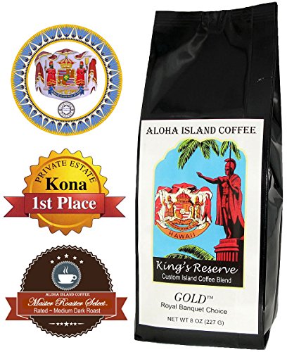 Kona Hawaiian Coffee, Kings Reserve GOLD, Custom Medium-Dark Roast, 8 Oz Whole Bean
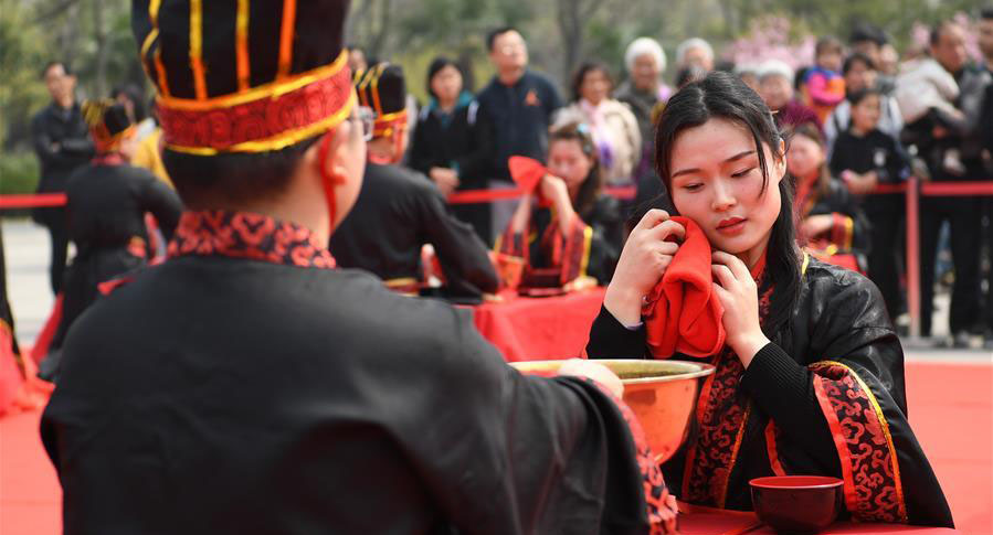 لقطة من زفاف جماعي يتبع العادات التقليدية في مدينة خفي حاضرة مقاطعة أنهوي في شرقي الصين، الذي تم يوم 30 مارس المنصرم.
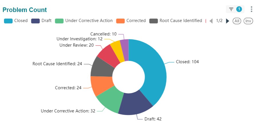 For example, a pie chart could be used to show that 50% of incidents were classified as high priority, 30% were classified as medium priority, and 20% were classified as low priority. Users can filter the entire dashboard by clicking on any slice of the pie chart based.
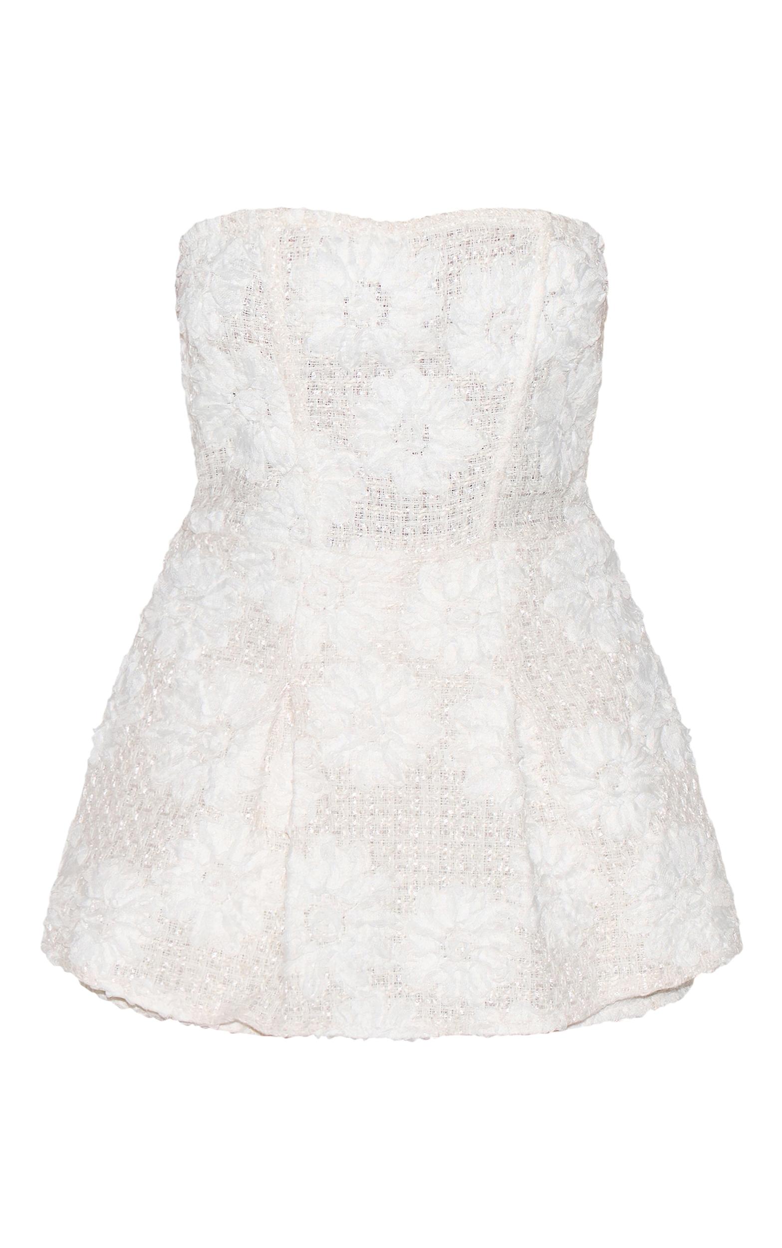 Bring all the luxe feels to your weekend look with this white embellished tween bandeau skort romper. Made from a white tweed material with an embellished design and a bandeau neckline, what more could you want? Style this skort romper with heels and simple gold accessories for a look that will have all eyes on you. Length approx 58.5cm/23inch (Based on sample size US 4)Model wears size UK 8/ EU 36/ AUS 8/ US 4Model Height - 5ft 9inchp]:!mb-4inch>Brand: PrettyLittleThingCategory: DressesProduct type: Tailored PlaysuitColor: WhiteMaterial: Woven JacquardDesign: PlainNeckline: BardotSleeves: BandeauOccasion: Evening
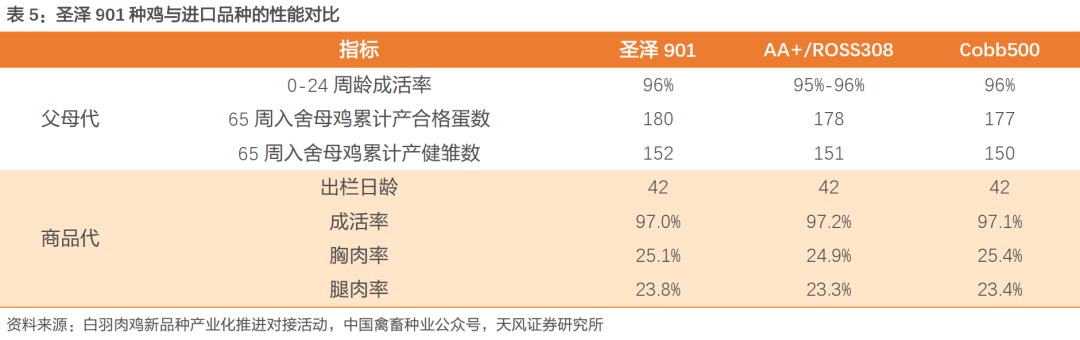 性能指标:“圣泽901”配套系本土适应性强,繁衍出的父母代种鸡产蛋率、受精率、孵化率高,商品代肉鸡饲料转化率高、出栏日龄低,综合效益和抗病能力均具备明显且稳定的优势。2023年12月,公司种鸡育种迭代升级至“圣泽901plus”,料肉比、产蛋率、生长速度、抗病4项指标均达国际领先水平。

— What is expected —
A verbatim transcript of the entries above is required, with the pictures left out.

— Result of the task —
 Kona Hawaiian Coffee, Kings Reserve GOLD, Custom Medium-Dark Roast, 8 Oz Whole Bean
 لقطة من زفاف جماعي يتبع العادات التقليدية في مدينة خفي حاضرة مقاطعة أنهوي في شرقي الصين، الذي تم يوم 30 مارس المنصرم.
 For example, a pie chart could be used to show that 50% of incidents were classified as high priority, 30% were classified as medium priority, and 20% were classified as low priority. Users can filter the entire dashboard by clicking on any slice of the pie chart based.
 Bring all the luxe feels to your weekend look with this white embellished tween bandeau skort romper. Made from a white tweed material with an embellished design and a bandeau neckline, what more could you want? Style this skort romper with heels and simple gold accessories for a look that will have all eyes on you. Length approx 58.5cm/23inch (Based on sample size US 4)Model wears size UK 8/ EU 36/ AUS 8/ US 4Model Height - 5ft 9inchp]:!mb-4inch>Brand: PrettyLittleThingCategory: DressesProduct type: Tailored PlaysuitColor: WhiteMaterial: Woven JacquardDesign: PlainNeckline: BardotSleeves: BandeauOccasion: Evening
 性能指标:“圣泽901”配套系本土适应性强,繁衍出的父母代种鸡产蛋率、受精率、孵化率高,商品代肉鸡饲料转化率高、出栏日龄低,综合效益和抗病能力均具备明显且稳定的优势。2023年12月,公司种鸡育种迭代升级至“圣泽901plus”,料肉比、产蛋率、生长速度、抗病4项指标均达国际领先水平。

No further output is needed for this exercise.